— What is needed —
Recreate the listing that follows line for line, without pictures.

— The data —
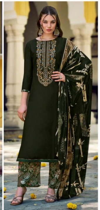
◆ 879-008 ◆
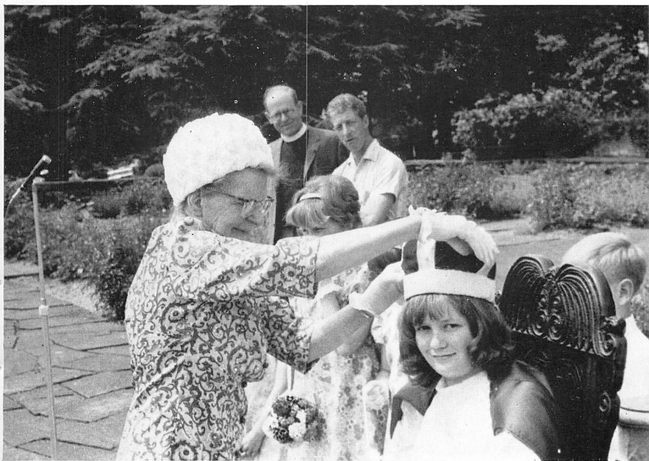
Crowning the Utkinton Rose Queen at Tirley Garth, 1969
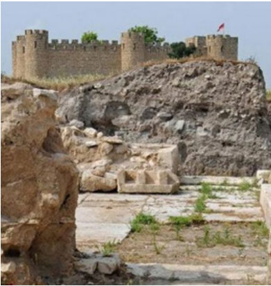
Ancient capital Dvin
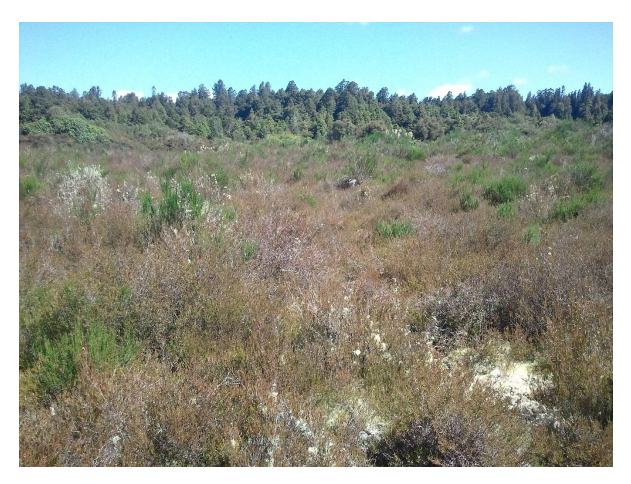
Figure 9: Frost flat heathland south of SH 41 in the Kuratau Clearing, Waituhi-Kuratau Scenic Reserve, greatly modified by weed – heather and broom – invasion. January 2014.
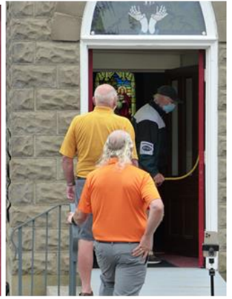
June 18: National Indigenous Peoples Day and Reconciliation service
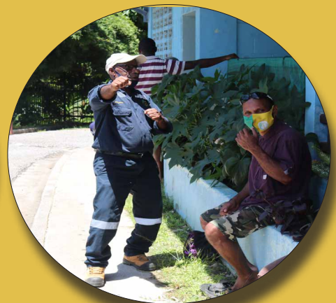
Wingman, Karate Kid part x
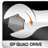
SP QUAD DRIVE — PATENTED DESIGN —

KIT INCLUDES SP's PREMIUM RANGE OF Combination QUAD DRIVE Spanners in Metric & SAE
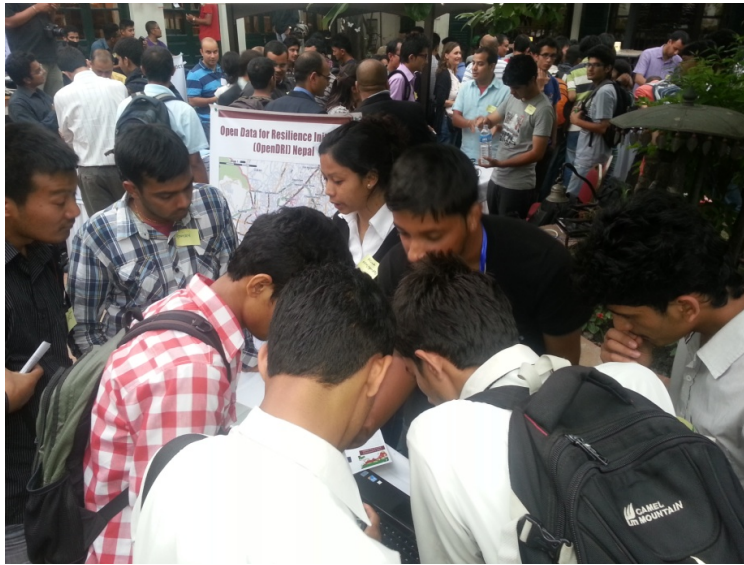
Figure 1: A crowded OSM booth during a Tech Mash-Up event in Kathmandu. The team tried to create awareness of OSM effort with the goal of building a larger Nepal OSM community.

New York City, with all groups working together to digitize building footprints in the Kathmandu Valley. To help build capacity within the tech communities of Kathmandu to work with OSM data, the project organized a Developers' Meetup that was attended by over 50 people and featured presentations and trainings on topics such as interacting with the OSM API, approaches for incorporating OSM into mobile applications and software for creating web mapping tools using OSM data.

— Solved problem —
◆ 879-008 ◆
Crowning the Utkinton Rose Queen at Tirley Garth, 1969
Ancient capital Dvin
Figure 9: Frost flat heathland south of SH 41 in the Kuratau Clearing, Waituhi-Kuratau Scenic Reserve, greatly modified by weed – heather and broom – invasion. January 2014.
June 18: National Indigenous Peoples Day and Reconciliation service
Wingman, Karate Kid part x
SP QUAD DRIVE — PATENTED DESIGN —

KIT INCLUDES SP's PREMIUM RANGE OF Combination QUAD DRIVE Spanners in Metric & SAE
Figure 1: A crowded OSM booth during a Tech Mash-Up event in Kathmandu. The team tried to create awareness of OSM effort with the goal of building a larger Nepal OSM community.

New York City, with all groups working together to digitize building footprints in the Kathmandu Valley. To help build capacity within the tech communities of Kathmandu to work with OSM data, the project organized a Developers' Meetup that was attended by over 50 people and featured presentations and trainings on topics such as interacting with the OSM API, approaches for incorporating OSM into mobile applications and software for creating web mapping tools using OSM data.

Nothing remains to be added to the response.